From that experimental culture came popular programmes such as The Clothes Show, Top Gear and Pot Black, which was the first time snooker had been shown on TV.

Among the programmes that never made it to air was a primitive model for Big Brother in the late 70s in which camera crews filmed a group of celebrities together in a studio and eavesdropped on their conversations.

For Mr Duckmanton the move is returning full circle, splitting up production sites again between the BBC Drama Village, based at Birmingham University, and the BBC's site in Whiteladies Road, Bristol.

"It's not such a wrench to leave the corporation," he said. "In the beginning we were treated well but now I feel more like a commodity.

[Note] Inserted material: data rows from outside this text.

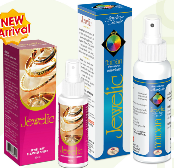
จิวเวลิก สเปรย์ 40 มล.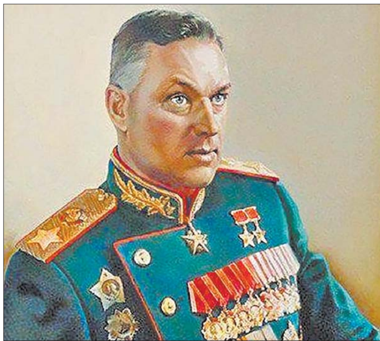
Константин Рокоссовский в парадном мундире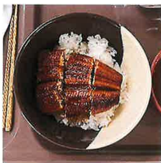
👉 8/24,25 鰻丼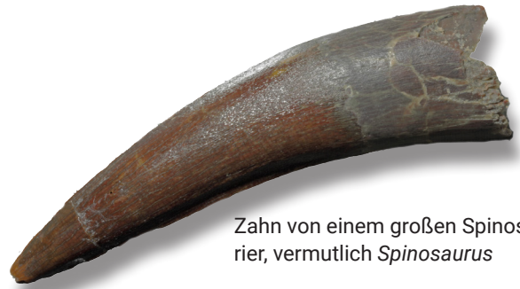
Zahn von einem großen Spinosaurier, vermutlich Spinosaurus

etwas übertraf. Die Reste des Spinosaurus waren eines der spektakulärsten Schaustücke des Paläontologischen Museum Münchens, bis sie 1944 einem alliierten Bombenangriff zum Opfer fielen.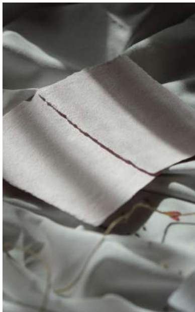
Calma Color Cipria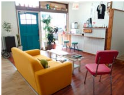
ゆっくりお待ちいただける待合スペース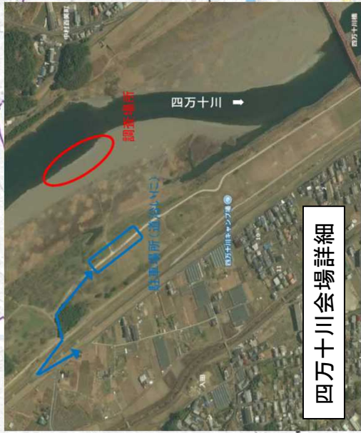
四万十川会場詳細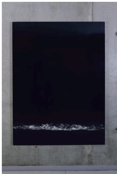
La Mer à Fort de l'Eau (niveau 2).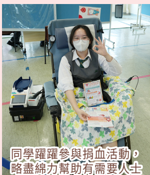
同學躍躍參與捐血活動，略盡綿力幫助有需要人士

一年一度的「捐血日」又來臨了，同學和老師付出寶貴的時間踴躍參與捐血活動，為病人帶來痊癒的希望。「捐一次血，救三個人」，我們期待與您一起參與別具意義的捐血活動。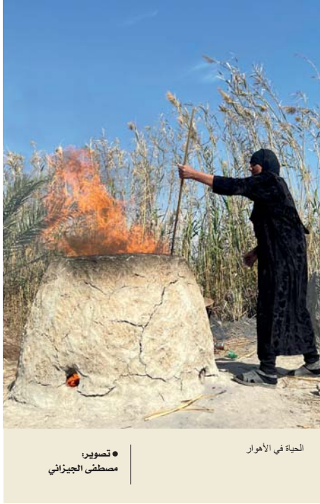
الحياة في الأهورا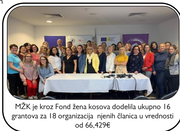
MŽK je kroz Fond žena Kosova dodelila ukupno 16 grantova za 18 organizacija njenih članica u vrednosti od 66,429€

Tokom ove godine, kroz Fond žena Kosova (FŽK), MŽK je dodelila ukupno 16 grantova za 18 organizacija, svojih članica. Od njih, dva granta u Partnerstvu za promene (do 8,000 evra) dodeljeno je za četiri organizacije koje će sprovesti u partnerstvu i grantovi individualnih zagovaranja (do 4.000 evra i 5000 evra) dodeljeno je za 14 organizacija članova. Ove godine FŽK je podržala Austrijska agencija za razvoj (ADA) kroz inicijativu MŽK-a „Unapređenje inicijative za prava žena“, u iznosu od 48,000 evra i Kancelarija Evropske unije na Kosovu kroz inicijativu MŽK-a „Jačanje učešća žena u politici“ u iznosu od 20,000 evra. Ukupan iznos koji je dodeljen tokom 13. runde grantova je 66,429.50 evra. Grantovi u Partnerstvu za promene i ranije su povećali saradnju među organizacijama članicama, omogućujući organizacijama iz različitih regiona na Kosovu da ujedine snage i da se zajedno zalažu. Očekuje se da će se takve saradnje nastaviti kroz ove grantove. Na primer NVO Rikotta u partnerstvu sa organizacijom Ženski centar ATO razvile su inicijativu „Ekonomsko jačanje i podizanje kapaciteta žena na Prevalcu i okolnim selima“. A Udruženje žena povratnica Naš dom u partnerstvu Ženski centar za ruralni razvoj razvile su inicijativu „Partnerstvo za razvoj (prijateljske sredine za razvoj preduzetništva žena“. Pored ove dve inicijative u partnerstvu, ostale inicijative koje je podržala MŽK, a koje će nastaviti i tokom 2020. godine su: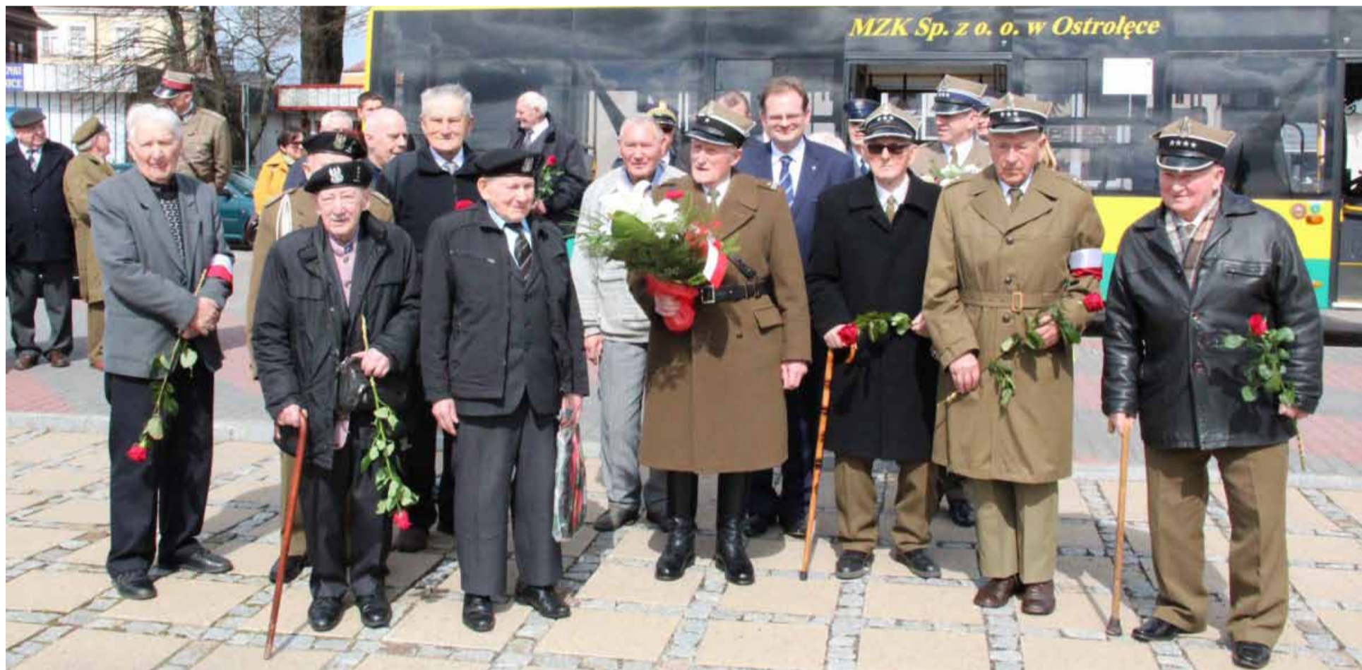
Ostrołęccy weterani Armii Krajowej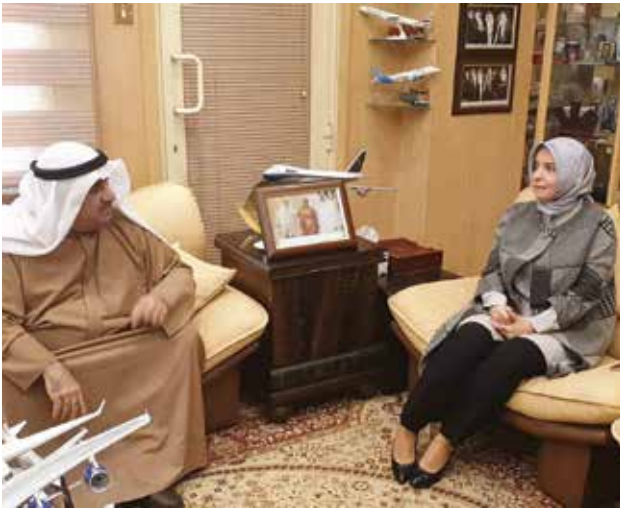
أحمد اسماعيل بهباني مستقبلا السفيرة التركية عائشة كويتك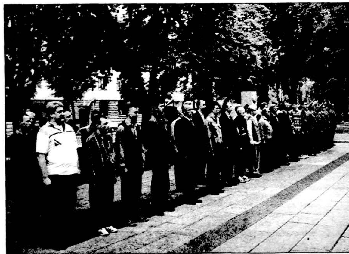
Naujieji Kauno Vytauto Didžiojo šaulių rinktinės nariai išrikuoti priesaikai.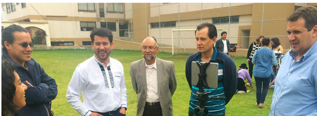
Universidad Politecnica Salesiana, Quito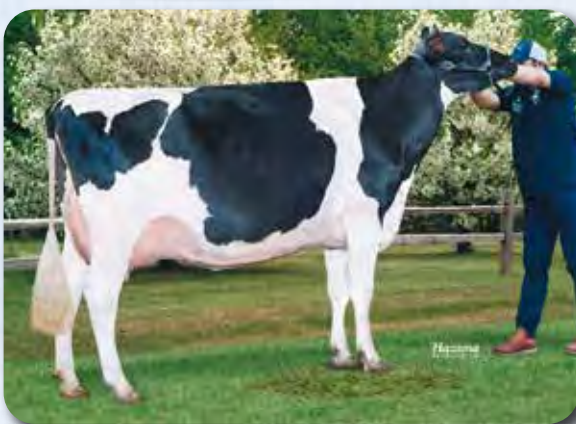
娘：M シド アリシア メーカー H30.8.26生 母の父：アレキサンダー 幕別町 田村 寛興氏 所有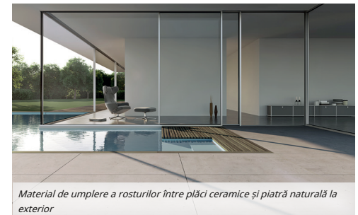
Material de umplere a rosturilor între plăci ceramice și piatră naturală la exterior

"No, it's the people it's hard to leave and the social aspect. We all get together in the Craven Arms or another pub after work and have a drink."

'More focused'

Michele Paduano, Midlands Today's National Union of Journalists representative said: "It's the end of Birmingham as a major, national, programme-making centre. It continues the decline from Pebble Mill and Birmingham is losing out to Bristol and Manchester. The people of the West Midlands shouldn't stand for it."

The BBC press office said "over 100 [Birmingham] posts will be impacted by these changes" and said about 60% of factual staff would be offered jobs in Bristol.

The BBC said the plan was part of its commitment to put quality first, working within its parameters of the current licence fee settlement.

Mr Thompson said: "The BBC of 2017 will be a smaller, more focused organisation but one better placed to take advantage of the digital future and completely committed to delivering the highest quality content for all audiences."